Abstract

AbstractThree-phase relative permeability can vary greatly from two-phase relative permeability as mechanisms such as flow coupling, double displacement, and layer drainage flow regime play a role in three-phase flow. These are on top of the dependency of three-phase relative permeability on two saturations and saturation path/history. The net result is that it is difficult to model/predict relative permeabilities in three-phase space. In this work, we present three-phase oil relative permeability data measured along 11 saturation paths, in a water-wet consolidated (Berea sandstone) and unconsolidated (sandpack) porous media.

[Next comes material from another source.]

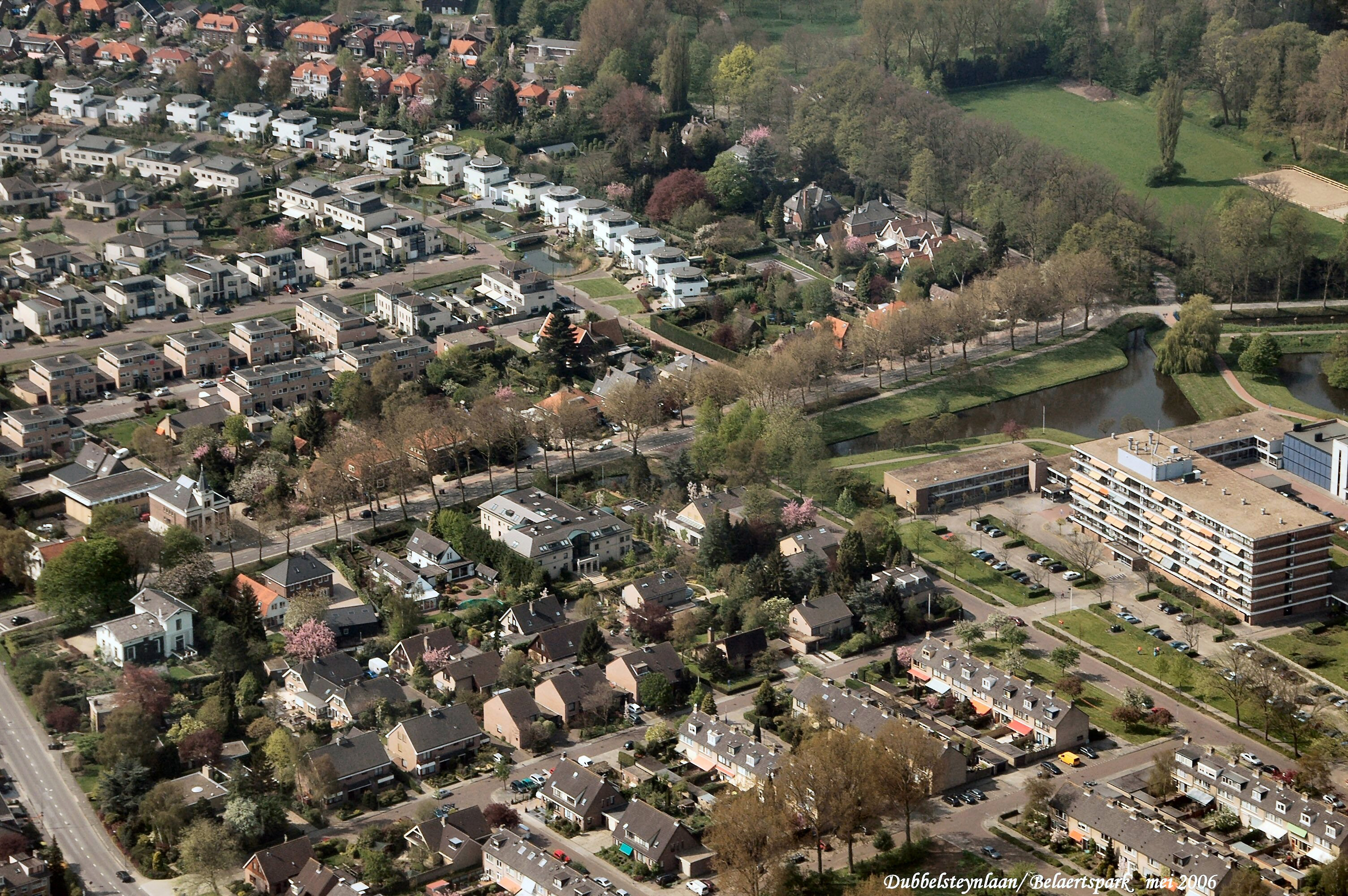 Mid.rechts is Dubbelmonde aan de Koningstraat. links onder is de Groene Kruislaan. links boven is het Beelaertspark en rechts boven Landgoed Dordwijk. gezien in Zuid/Westelijke richting

These saturation paths cover a wide swath of the three-phase saturation space, providing a better physical understanding of the complete three-phase phase space. Three different oils (crude oil, mineral oil, and n-octane) are used in the experiments; the varying viscosities, spreading coefficients, and composition of the oils allows us to investigate the effect of different drainage mechanisms on relative permeability curves. Our data show that there are significant variations between the curves depending on the media, final water saturation, and fluids. In particular, when the media and fluids are held constant, oil relative permeability can vary an order of magnitude at the same oil saturation, depending on the initial condition and water saturation. We find that within each media, all the curves represent a similar shape, but reach to a different residual saturation. This suggests that residual oil saturation is the key parameter in observed relative permeability differences along different saturation paths. We examine this hypothesis with the most common three-phase relative permeability models, i.e. Saturation Weighted Interpolation, Stone I and II, where we vary residual oil saturation to fit the experimental data. We find that if residual oil saturation is used as a fitting parameter, the models predict experimental data well. Otherwise, without varying residual oil saturation, these relative permeability models perform poorly in predicting experimental data.